## Excerpted data

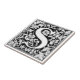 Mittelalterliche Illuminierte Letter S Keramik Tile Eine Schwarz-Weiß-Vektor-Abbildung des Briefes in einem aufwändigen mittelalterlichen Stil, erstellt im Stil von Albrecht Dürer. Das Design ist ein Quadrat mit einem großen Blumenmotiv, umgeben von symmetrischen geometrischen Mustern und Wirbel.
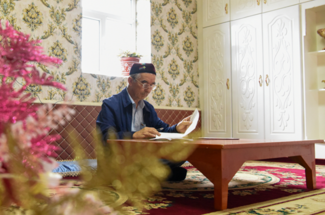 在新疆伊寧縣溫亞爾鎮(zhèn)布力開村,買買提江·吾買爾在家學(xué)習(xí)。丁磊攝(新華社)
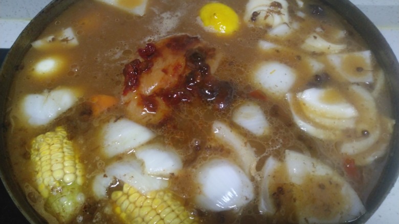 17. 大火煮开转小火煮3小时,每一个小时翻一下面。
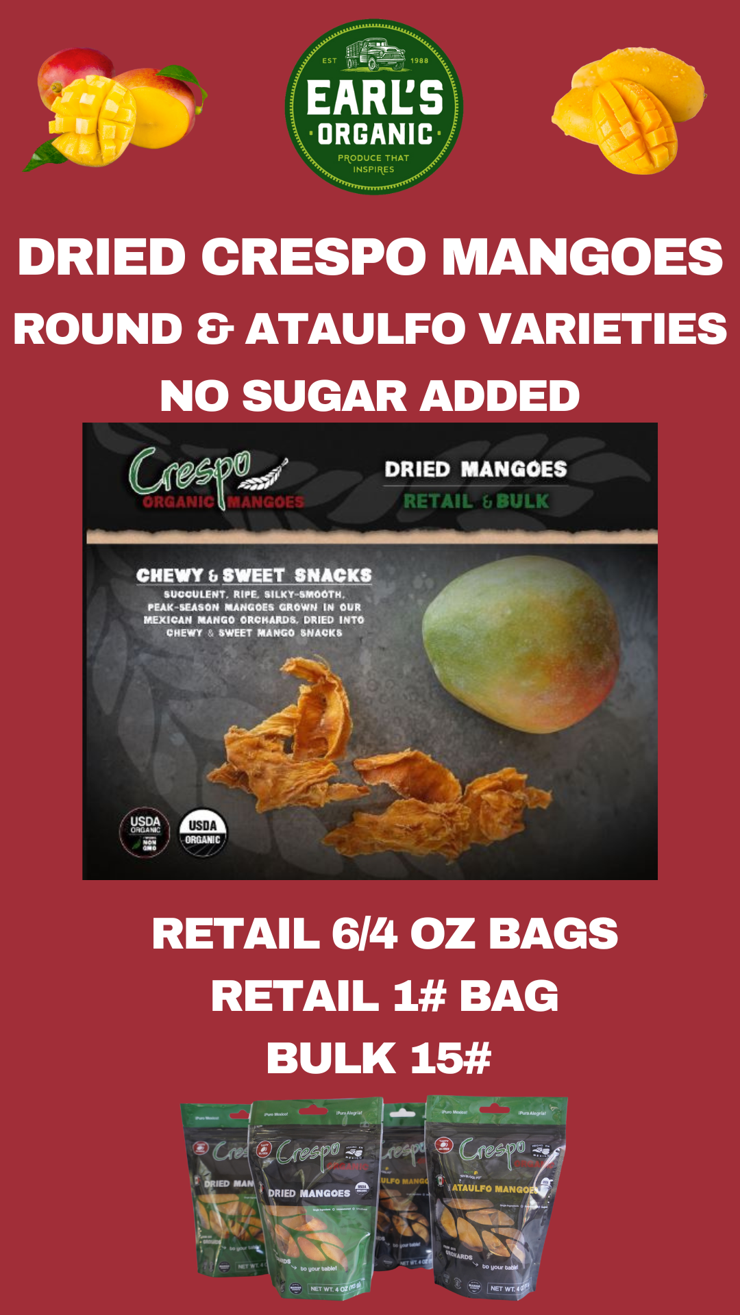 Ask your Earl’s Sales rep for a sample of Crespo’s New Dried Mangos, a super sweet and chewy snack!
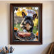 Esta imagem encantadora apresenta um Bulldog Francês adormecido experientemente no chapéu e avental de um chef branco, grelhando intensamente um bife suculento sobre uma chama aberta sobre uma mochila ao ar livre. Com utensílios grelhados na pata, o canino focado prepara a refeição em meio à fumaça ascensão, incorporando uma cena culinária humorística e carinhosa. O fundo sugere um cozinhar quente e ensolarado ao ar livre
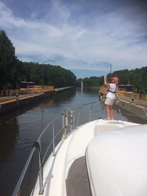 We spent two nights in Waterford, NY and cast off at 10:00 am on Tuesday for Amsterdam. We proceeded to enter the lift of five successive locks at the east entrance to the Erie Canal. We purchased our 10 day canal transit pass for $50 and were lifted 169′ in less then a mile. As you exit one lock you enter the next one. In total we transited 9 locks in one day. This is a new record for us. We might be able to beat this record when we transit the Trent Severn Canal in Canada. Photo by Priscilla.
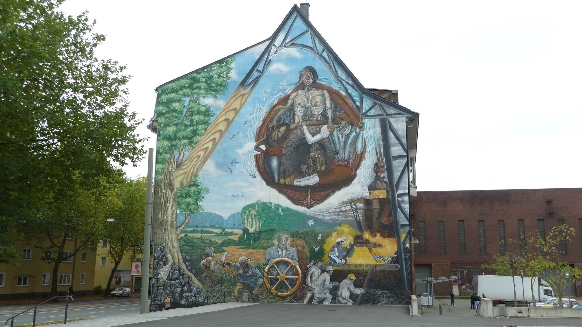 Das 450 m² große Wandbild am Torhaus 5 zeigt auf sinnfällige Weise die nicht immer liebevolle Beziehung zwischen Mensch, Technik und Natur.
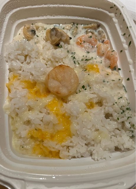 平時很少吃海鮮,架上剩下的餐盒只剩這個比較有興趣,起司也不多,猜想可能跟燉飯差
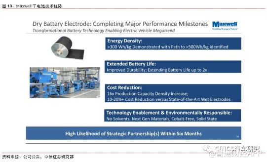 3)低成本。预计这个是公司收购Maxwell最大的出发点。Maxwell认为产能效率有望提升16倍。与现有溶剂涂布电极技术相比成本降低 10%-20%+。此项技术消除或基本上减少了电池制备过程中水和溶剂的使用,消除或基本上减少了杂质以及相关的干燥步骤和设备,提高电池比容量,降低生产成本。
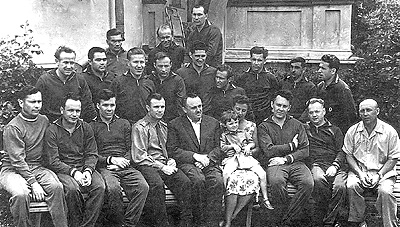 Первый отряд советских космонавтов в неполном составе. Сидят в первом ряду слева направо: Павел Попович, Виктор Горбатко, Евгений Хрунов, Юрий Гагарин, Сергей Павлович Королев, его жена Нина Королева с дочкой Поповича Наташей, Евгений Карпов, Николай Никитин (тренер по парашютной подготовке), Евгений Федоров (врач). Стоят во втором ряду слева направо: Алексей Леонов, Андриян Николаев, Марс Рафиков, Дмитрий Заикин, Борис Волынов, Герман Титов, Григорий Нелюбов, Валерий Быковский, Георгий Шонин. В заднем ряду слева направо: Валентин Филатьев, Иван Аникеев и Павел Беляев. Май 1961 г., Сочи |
* * *
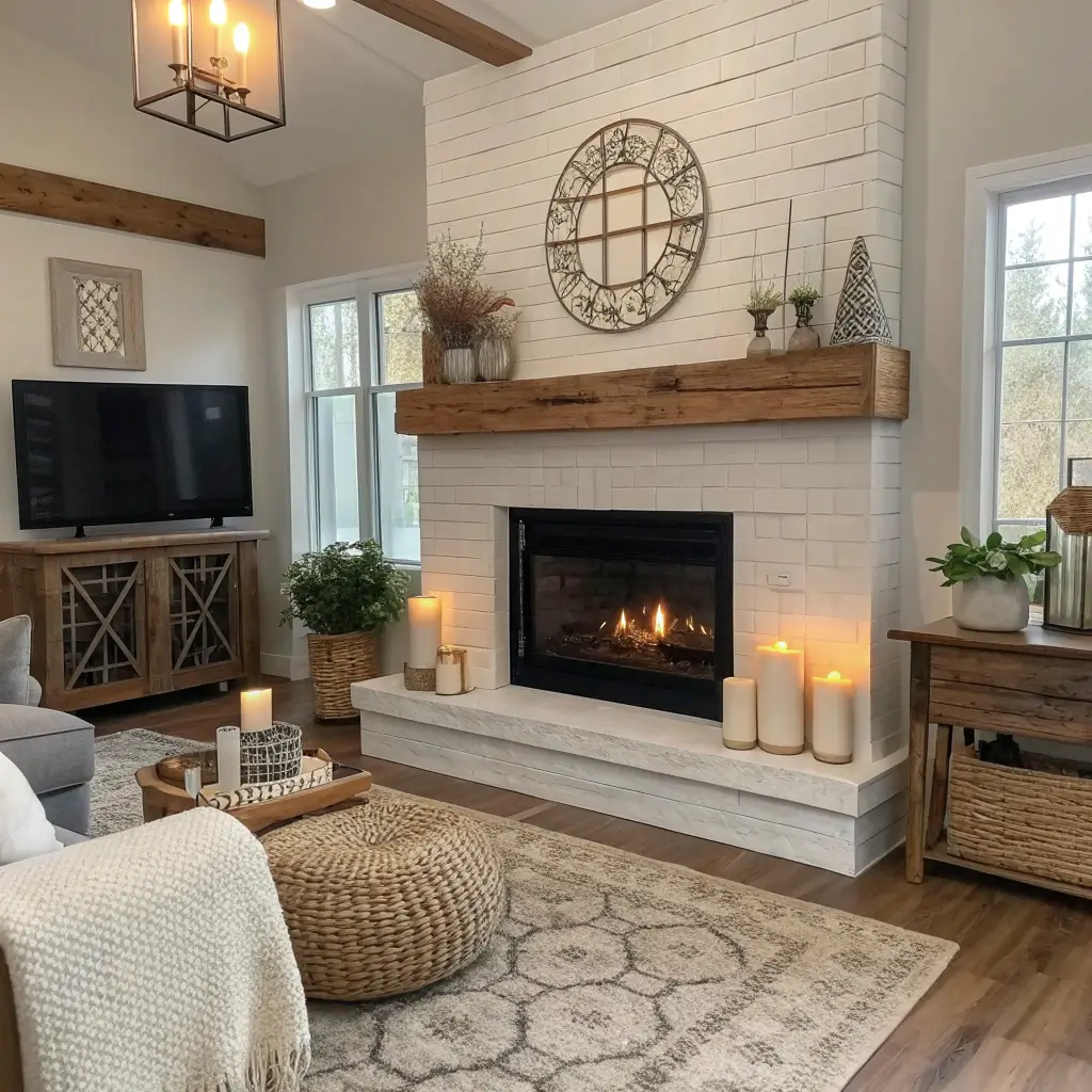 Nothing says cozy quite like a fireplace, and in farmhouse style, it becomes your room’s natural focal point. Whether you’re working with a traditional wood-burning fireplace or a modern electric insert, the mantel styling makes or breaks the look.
--
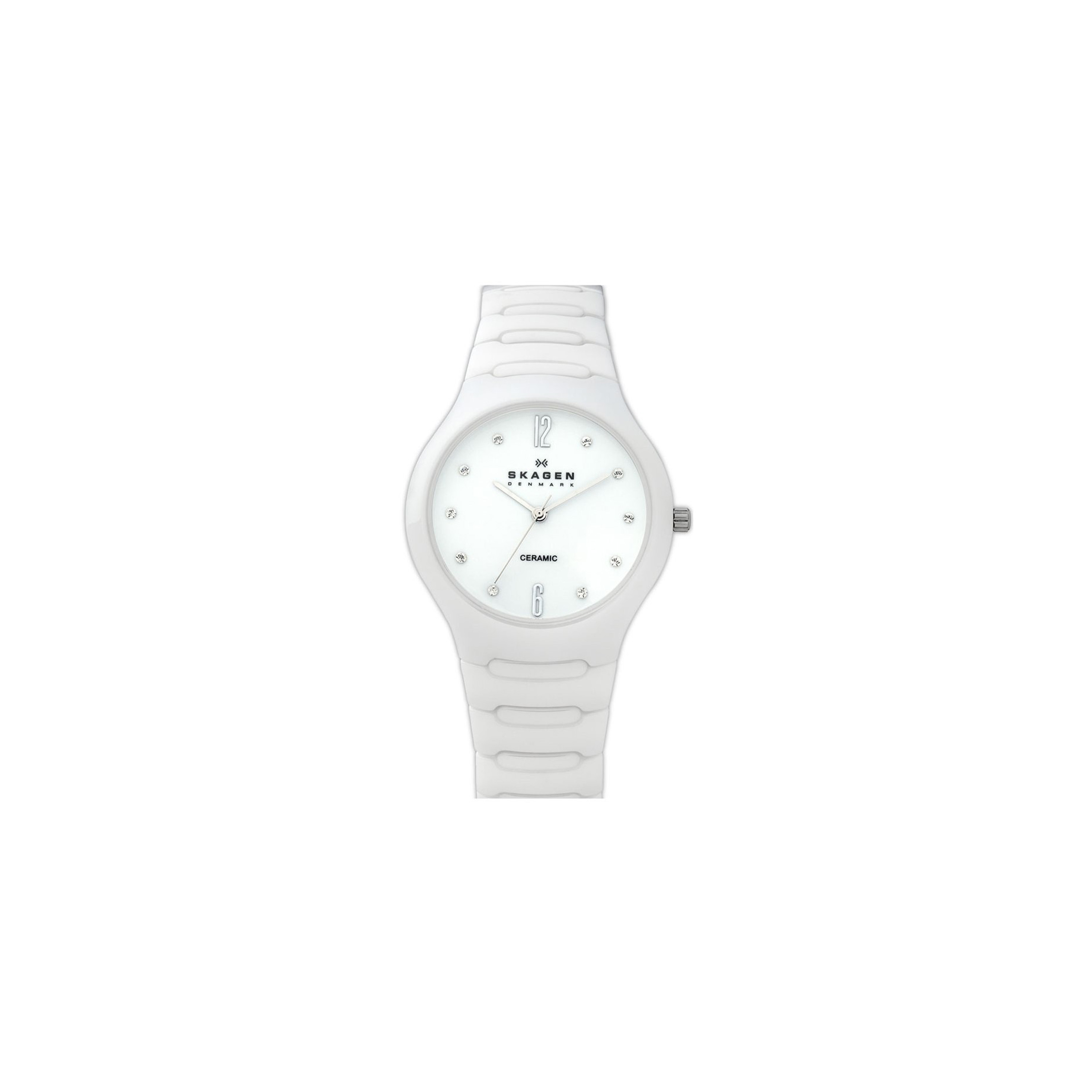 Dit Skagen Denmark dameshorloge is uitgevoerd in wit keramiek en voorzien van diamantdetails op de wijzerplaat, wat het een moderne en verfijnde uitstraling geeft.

## What you are asked to do
Would you copy, word for word, only the lines above from the one containing "Ask your Earl’s" through the one containing "Первый отряд советских", both included, and please leave out the pictures?

## Written reply
 Ask your Earl’s Sales rep for a sample of Crespo’s New Dried Mangos, a super sweet and chewy snack!
 Esta imagem encantadora apresenta um Bulldog Francês adormecido experientemente no chapéu e avental de um chef branco, grelhando intensamente um bife suculento sobre uma chama aberta sobre uma mochila ao ar livre. Com utensílios grelhados na pata, o canino focado prepara a refeição em meio à fumaça ascensão, incorporando uma cena culinária humorística e carinhosa. O fundo sugere um cozinhar quente e ensolarado ao ar livre
 We spent two nights in Waterford, NY and cast off at 10:00 am on Tuesday for Amsterdam. We proceeded to enter the lift of five successive locks at the east entrance to the Erie Canal. We purchased our 10 day canal transit pass for $50 and were lifted 169′ in less then a mile. As you exit one lock you enter the next one. In total we transited 9 locks in one day. This is a new record for us. We might be able to beat this record when we transit the Trent Severn Canal in Canada. Photo by Priscilla.
 Das 450 m² große Wandbild am Torhaus 5 zeigt auf sinnfällige Weise die nicht immer liebevolle Beziehung zwischen Mensch, Technik und Natur.
 平時很少吃海鮮,架上剩下的餐盒只剩這個比較有興趣,起司也不多,猜想可能跟燉飯差
 3)低成本。预计这个是公司收购Maxwell最大的出发点。Maxwell认为产能效率有望提升16倍。与现有溶剂涂布电极技术相比成本降低 10%-20%+。此项技术消除或基本上减少了电池制备过程中水和溶剂的使用,消除或基本上减少了杂质以及相关的干燥步骤和设备,提高电池比容量,降低生产成本。
 Первый отряд советских космонавтов в неполном составе. Сидят в первом ряду слева направо: Павел Попович, Виктор Горбатко, Евгений Хрунов, Юрий Гагарин, Сергей Павлович Королев, его жена Нина Королева с дочкой Поповича Наташей, Евгений Карпов, Николай Никитин (тренер по парашютной подготовке), Евгений Федоров (врач). Стоят во втором ряду слева направо: Алексей Леонов, Андриян Николаев, Марс Рафиков, Дмитрий Заикин, Борис Волынов, Герман Титов, Григорий Нелюбов, Валерий Быковский, Георгий Шонин. В заднем ряду слева направо: Валентин Филатьев, Иван Аникеев и Павел Беляев. Май 1961 г., Сочи |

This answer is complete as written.